Serum kreatini 200 >mol/l (2.3 mg/dl)'den fazla olan veya kreatinin klerensi (ölçülen veya tahmin edilen) 30 ml/dk'dan az olan hastalarda, yapılan çalışmalardan elde edilen klinik verinin sınırlı olmasından dolayı 3 ayda bir 3 mg intravenöz enjeksiyon şeklinde verilen SEMPRIBAN kullanımı önerilmemektedir (bkz. bölüm 5.2.).
Tedavi sırasında, böbrek üzerine potansiyel yan etkiye sahip ilaç tedavisi görenler veya hastalığı bulunanlar tıbbi açıdan düzenli olarak kontrol edilmelidir.

Doku hasarına neden olabileceği için SEMPRIBAN'ı intra-arteriyal veya paravenöz uygulamamaya özel dikkat gösterilmelidir.
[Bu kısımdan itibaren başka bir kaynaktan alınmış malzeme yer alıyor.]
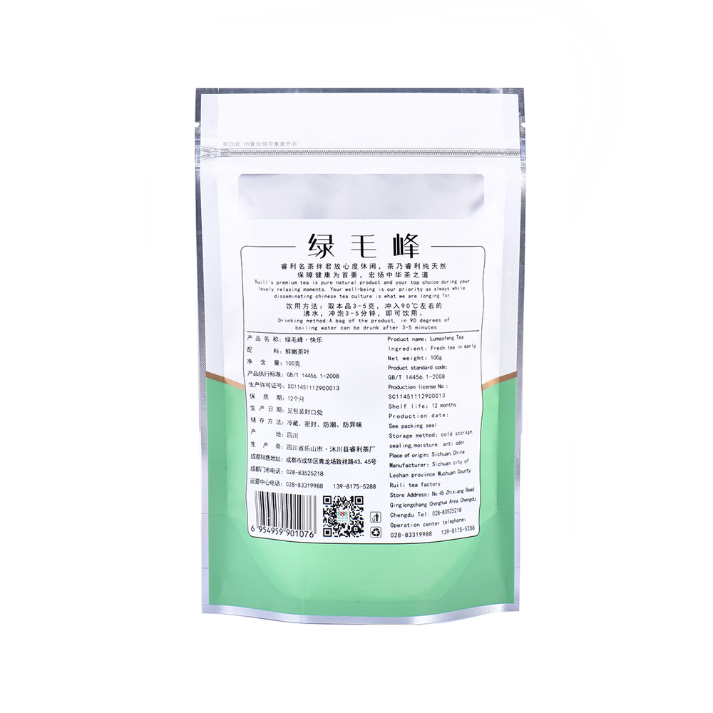 888名茶网-快乐系绿毛峰,食品级自封自立专用包装袋,内置拉链,拉链可重复使用,防潮、防异味,净含量100g。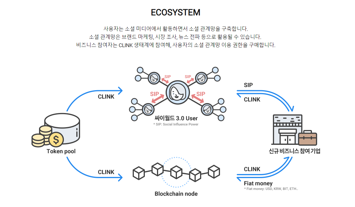 한마디로 그냥 싸이월드 SNS내에서 사용되는 코인이며 나중에 밖에서도 쓸수있게 Clink도 만든답니다.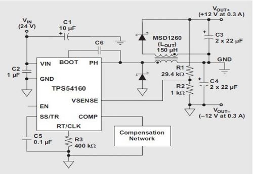 匹配正負(fù)電源軌是許多工業(yè)應(yīng)用的常見要求,對放大器而言更是如此。我們可以對寬輸入范圍降壓轉(zhuǎn)換器進(jìn)行配置,以提供負(fù)輸出電壓。使用一個耦合電感代替這種反相降壓轉(zhuǎn)換器的電感,并增加一個二極管和電容器,便可將這種反相降壓轉(zhuǎn)換器變?yōu)橐粋€雙輸出的轉(zhuǎn)換器。圖 3 顯示了以這種方法使用的 TI TPS54160 和 Coilcraft 150-μH MSD1260。只要每個軌的負(fù)載稍有接近,我們就對每個軌之間的差異進(jìn)行調(diào)節(jié)而非單獨(dú)調(diào)節(jié)每個軌,但耦合電感卻可以幫助提供對每個軌進(jìn)行調(diào)節(jié)。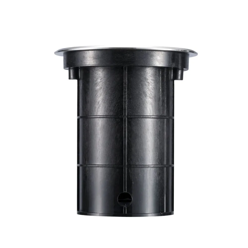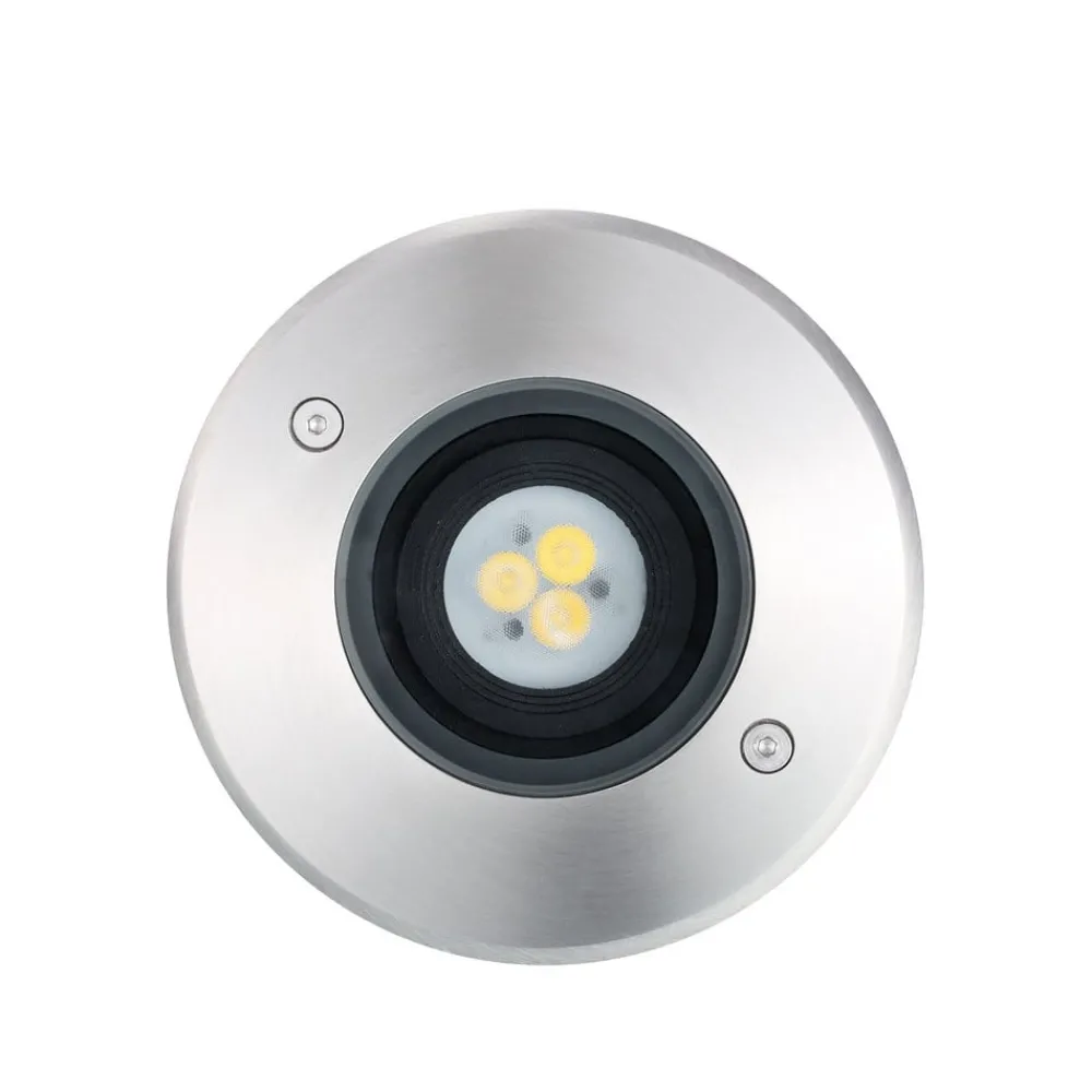 Drive-over LED-bakkespot Interrata Den runde LED-bakkespotten Interrata med en +/-30° justerbar lysmodul kan kjøres over for trykkbelastninger opp til 2000 kg (20 kN) og er utstyrt med 2 m 3×1 mm2 flygeledning og installasjonsrør, aluminiumshus med trimring i rustfritt stål (SS316) og klar glassskjerm – ikke dimbar

Bisfosfonatlarla tedavi edilen hastalarda çene osteonekrozu vakaları rapor edilmiştir. Bu vakalar çoğunlukla dental tedavi gören kanser hastalarında görülmekle birlikte, bazıları da postmenopozal osteoporoz hastalarında ve diğer vakalarda görülmüştür. Kanser teşhisi, birlikte sürdürülen tedaviler (örn. kemoterapi, radyoterapi, kortikosteroidler) ve birlikte görülen hastalıklar (örn. anemi, koagülopati, enfeksiyon, önceden var olan dental rahatsızlık) çene osteonekrozu için bilinen risk faktörleridir. Vakaların büyük çoğunluğu intravenöz bisfosfonatlarla tedavi gören hastalarda raporlanmıştır ancak bazıları oral tedavi gören hastalarda da görülmüştür.
Bisfosfonat tedavisi sırasında çene osteonekrozu gelişen hastalarda, dental ameliyat durumu kötüleştirebilir. Dental prosedürlere ihtiyaç duyan hastalarda bisfosfonat tedavisinin kesilmesinin çene osteonekrozu riskini azalttığına dair veri bulunmamaktadır. Tedaviyi sürdüren hekim, her hasta için yarar/risk değerlendirmesini yaparak tedavi planına karar vermelidir.
Bu tıbbi ürün her 3 ml'sinde 1 mmol (23 mg)'dan daha az sodyum ihtiva eder; yani esasında "sodyum içermez".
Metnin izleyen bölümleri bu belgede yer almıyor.